I will follow the theoretically well-known item reaction theory as a mathematical test and try to scratch the parameter estimation to some extent.

Since it is long to make one article, I will write it over multiple articles. The table of contents is as follows.

Mathematical exam part 1 (question setting and data generation)
Test Mathematical Part 2 (Mathematical Model of Item Reaction Theory)
Test Mathematics Part 3 (3PL model optimization)
Test Mathematical Part 4 (Implementation of Problem paramter Estimate)
Examination Mathematical Science 5 (Examinee paramter estimation)

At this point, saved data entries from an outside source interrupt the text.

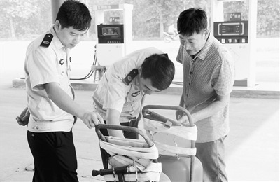 8月30日,市中区税郭镇安监部门工作人员正在加油站进行安全排查。连日来,为确保抗战胜利70周年阅兵期间安全生产形势稳定,税郭镇安监部门对辖区内十余家危化品经营场所进行专项整治,排查消除各种安全隐患。 (黄加芳 李抗抗 摄)
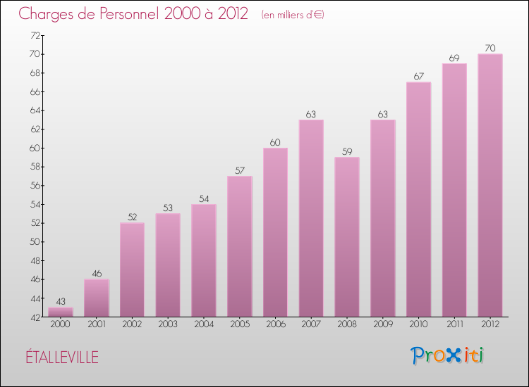 Le résultat comptable de la commune de Étalleville s'établissait ainsi à : + 22 000 € fin 2012.
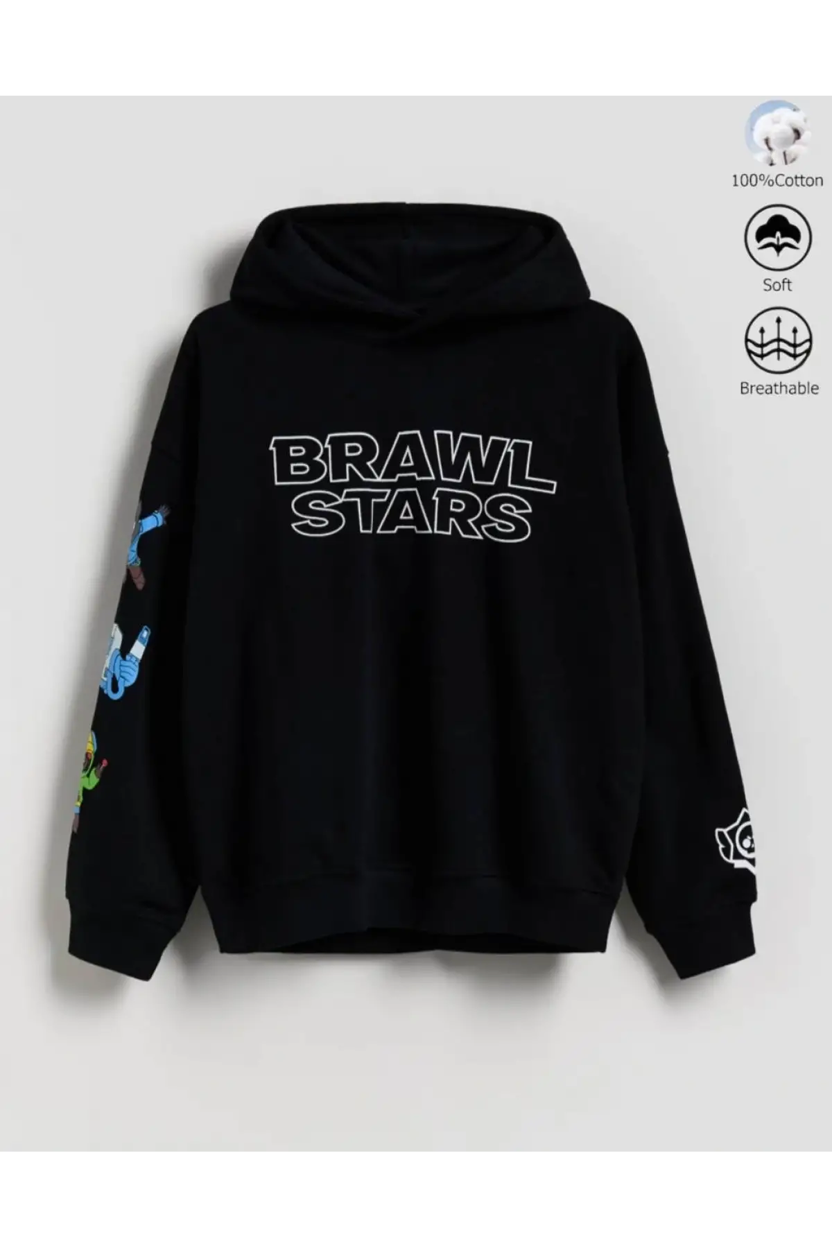 Erkek Çocuk Brawl Stars Baskılı %100 Pamuk Sweatshirt

This time is Part 1 "Problem setting and data generation".

Problem setting

For example, consider a test such as the TOEIC or center test. Suppose multiple test takers solve multiple questions and get the following results:

	Candidate 1	Candidate 2	Candidate 3	Candidate 4	Candidate 5	Candidate 6	Candidate 7	Number of correct answers
Question 1	Positive	Positive	Positive	Positive	Positive	Wrong	Positive	6
Question 2	Wrong	Wrong	Wrong	Positive	Wrong	Wrong	Wrong	1
Question 3	Positive	Positive	Positive	Positive	Positive	Positive	Wrong	6
Question 4	Wrong	Wrong	Wrong	Positive	Wrong	Positive	Positive	3
Question 5	Wrong	Wrong	Wrong	Positive	Wrong	Wrong	Positive	2
Question 6	Positive	Positive	Positive	Positive	Wrong	Positive	Positive	6
Question 7	Positive	Wrong	Positive	Positive	Positive	Positive	Positive	6
Question 8	Wrong	Positive	Wrong	Wrong	Positive	Wrong	Positive	3
Question 9	Positive	Positive	Wrong	Positive	Positive	Positive	Positive	6
Question 10	Positive	Positive	Positive	Wrong	Wrong	Positive	Positive	5
Raw score	6	6	5	8	5	6	8

The view of the table is that the intersection of the test taker and the question is the correctness of the test taker in the question. For example, "Examinee 1 answered Q3 correctly" and "Examinee 6 answered Q5 incorrectly". ** Number of correct answers ** is the number of correct answers for all test takers of the question, and is the number of positive answers per line. ** Raw score ** is the total score when the correct answers are equal to 1 point, and is the positive number for each column.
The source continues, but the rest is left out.